⚡AleoBFT: Explore Aleo`s consensus layer⚡
Aleo employs AleoBFT—a DAG-based consensus algorithm inspired by Narwhal and Bullshark—enhanced with dynamic committees and staking. Formally verified to prevent forks, AleoBFT ensures both security and correctness.
- ✔️High Throughput: Combines Narwhal’s efficient data dissemination with Bullshark’s streamlined ordering.
- 🔐Robust Security: Prevents blockchain forks via formal verification.
- 🌎Scalability: Supports decentralization while enabling privacy-preserving applications.
Narwhal is a DAG-based protocol facilitating transaction communication between nodes. It builds a DAG with certificates as vertices and links as edges, enabling high-throughput transaction processing. However, Narwhal provides only a causal order.
Bullshark complements Narwhal by interpreting its DAG to produce a single, definitive transaction order without additional message exchanges. This finalized order forms the blockchain.

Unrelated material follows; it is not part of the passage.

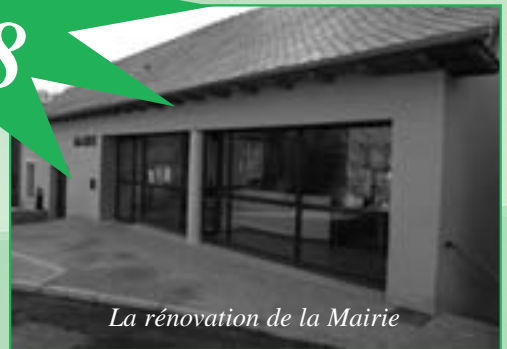
La rénovation de la Mairie

By offloading data dissemination from consensus, AleoBFT reduces overhead, boosting performance while maintaining decentralization and security. It’s the backbone of Aleo’s privacy-preserving blockchain applications.
Narwhal operates by having validators run multiple workers and a primary node. Workers process transactions into batches, share them with other validators, and generate digests (certificates of availability) for the primary. Instead of including raw transactions, the primary references cryptographic hashes of these batches, reducing block size.

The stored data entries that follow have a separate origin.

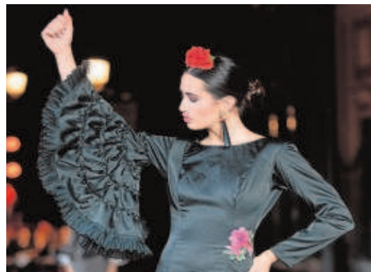
Una reivindicación del traje de flamenca

No es casualidad que la devastadora crisis económica sufrida por el sector durante la pandemia del Covid-19, junto al impulso institucional de la moda flamenca como interés turístico, haya conseguido que se presente uniendo la fuerza y el talento de todos sus actores principales. Un sector económico único dentro de la moda, como el producto que ensalza y crea puntada a puntada, que ha puesto todas sus esperanzas en este 2022 y sus próximas fiestas.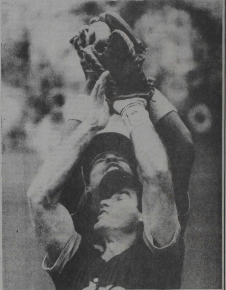
SAN LUIS En la foto los jugadores de Los Padres de San Diego Steve Garvey, al frente, y Alan Wiggins intentan apoderarse de la pelota que bateara Willie McGee de Los Cardenales de San-Luis en el ranscurso de la quinta entrada del partido que se disputó en esta ciudad.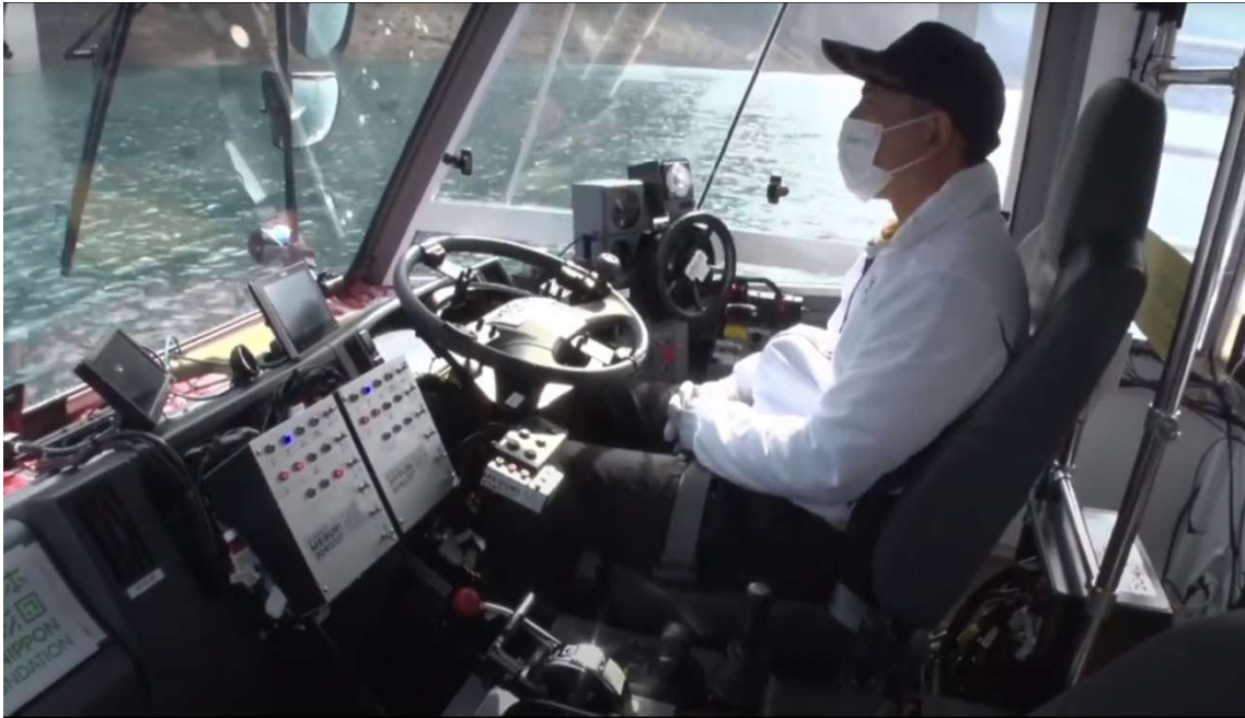
自動航行中の運転席の様子

のエンジン始動やブレーキ、水上でのかじ取りなどは全て自動で行われました。航行中、運転手も着席していますが、ハンドルにもアクセルにも触れていません。

💫The DAG building process (and beyond)💫
The DAG is built in rounds, with validators collecting n-f certificates (a supermajority) from the previous round to ensure consensus. Validators send proposals, gather endorsements, and form quorum certificates, which are shared to advance the process. This design ensures data availability, reduces overhead, adapts to network delays, and supports scalability with robust security.

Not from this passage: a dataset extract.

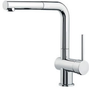
Mischbatterie Gamma 8483 001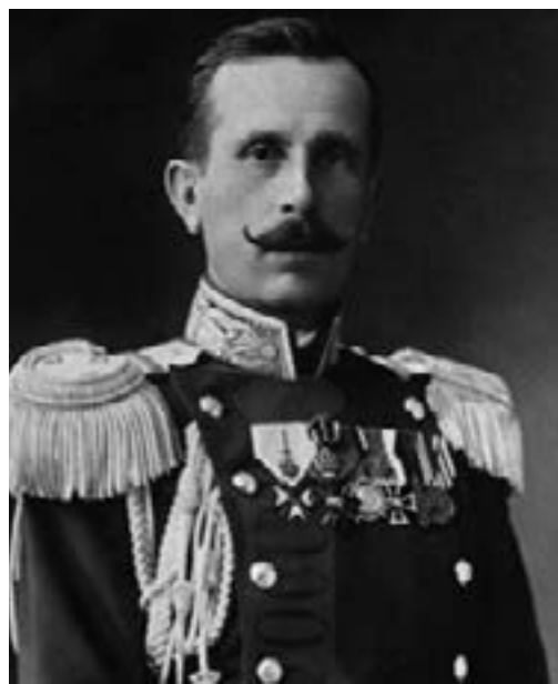
Ген. Никола Жеков

ски прийом, под прикритието на артилерийския огън, през нощта се приближават до 30 метра от разнебитената позиция на защитниците. В 5.30 часа, след пренасяне на огъня в дълбочина, още в тъмнината, мъглата и барутния дим, атакуващите вълни се хвърлят в нашите окопи и изненадват защитниците в тях, както и на излизане от скривалищата и от засло-

Once the DAG is built, Bullshark sequences and finalizes blocks without additional validator communication, relying on the information encoded in the DAG. Thanks to Narwhal’s design, which ensures non-equivocation (certificates created by the same party in a round are identical), the ordering logic is simplified, eliminating the need for view-change mechanisms. Validators can interpret the total order based solely on their local view of the DAG.
In every even round, a leader is deterministically chosen, and its certificate is designated as an anchor. For the anchor to be committed, it must receive at least 1+f votes from certificates in subsequent odd rounds. This ensures consistency even in an asynchronous network, as any anchor committed by one validator will always have a path in future rounds. Anchors without sufficient votes or paths to future rounds are safely skipped, streamlining the commitment process.